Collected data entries

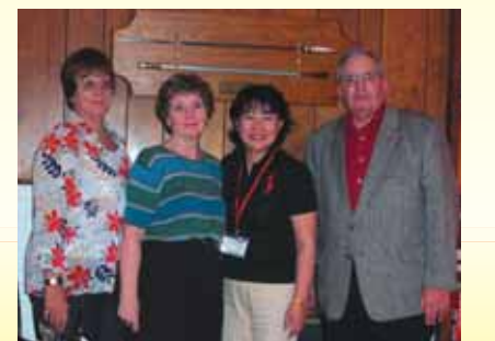
ホームステイ先にて(右から2人目)

今後は、自分のできる範囲内でこの研修で学んだことを地域に貢献していきたいと思っています。
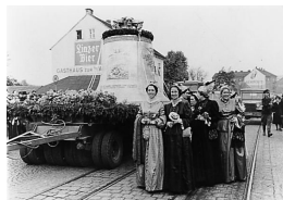
حمل پومرین از لیبز به وین، 25 آوریل 1952

در وین «پومرین» 2 که دومین ناقوس بزرگ جهان است و در کلیسای «شتفانز دم» 3 قرار دارد، به صدا در می آید. این ناقوس حدود 3 متر ارتفاع دارد و حدود 21 تن می باشد. آغاز سال نو در محوطه پیرامون کلیسا با ناقوس «پومرین» و با شامپانی و آتش بازی استقبال می شود.
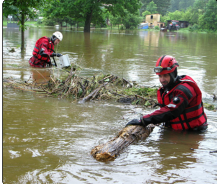
Hasiči musí být často "obojživelníky".

plány ochrany před povodněmi, nebyly dostatečně stanoveny požadavky na bezpečnost vodních děl, koryta mnoha řek byla neudržovaná. Zároveň se ukázala nutnost koordinace provádění záchranných a povodňových prací a zejména nutnost koordinace nasazování sil a prostředků složek integrovaného záchranného systému. Proto se tyto povodně nepochybně staly impulsem pro analýzu stávající legislativy a následně vypracování a přijetí řady zákonů a prováděcích předpisů k nim, s cílem sjednotit působnosti a pravomoci orgánů veřejné správy i práva a povinnosti právnických a fyzických osob při řešení problematiky ochrany před povodněmi, ale také při přípravě na mimořádné události, při provádění záchranných a likvidačních prací, při ochraně obyvatelstva, stejně tak jako při přípravě a řešení krizových situací.
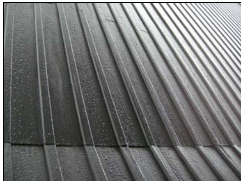
Figur. Norra takfallet på långhuset.

* THE PROBLEM
Return only the number of lines in the entries above that contain the word "پومرین".

* TASK SOLUTION
2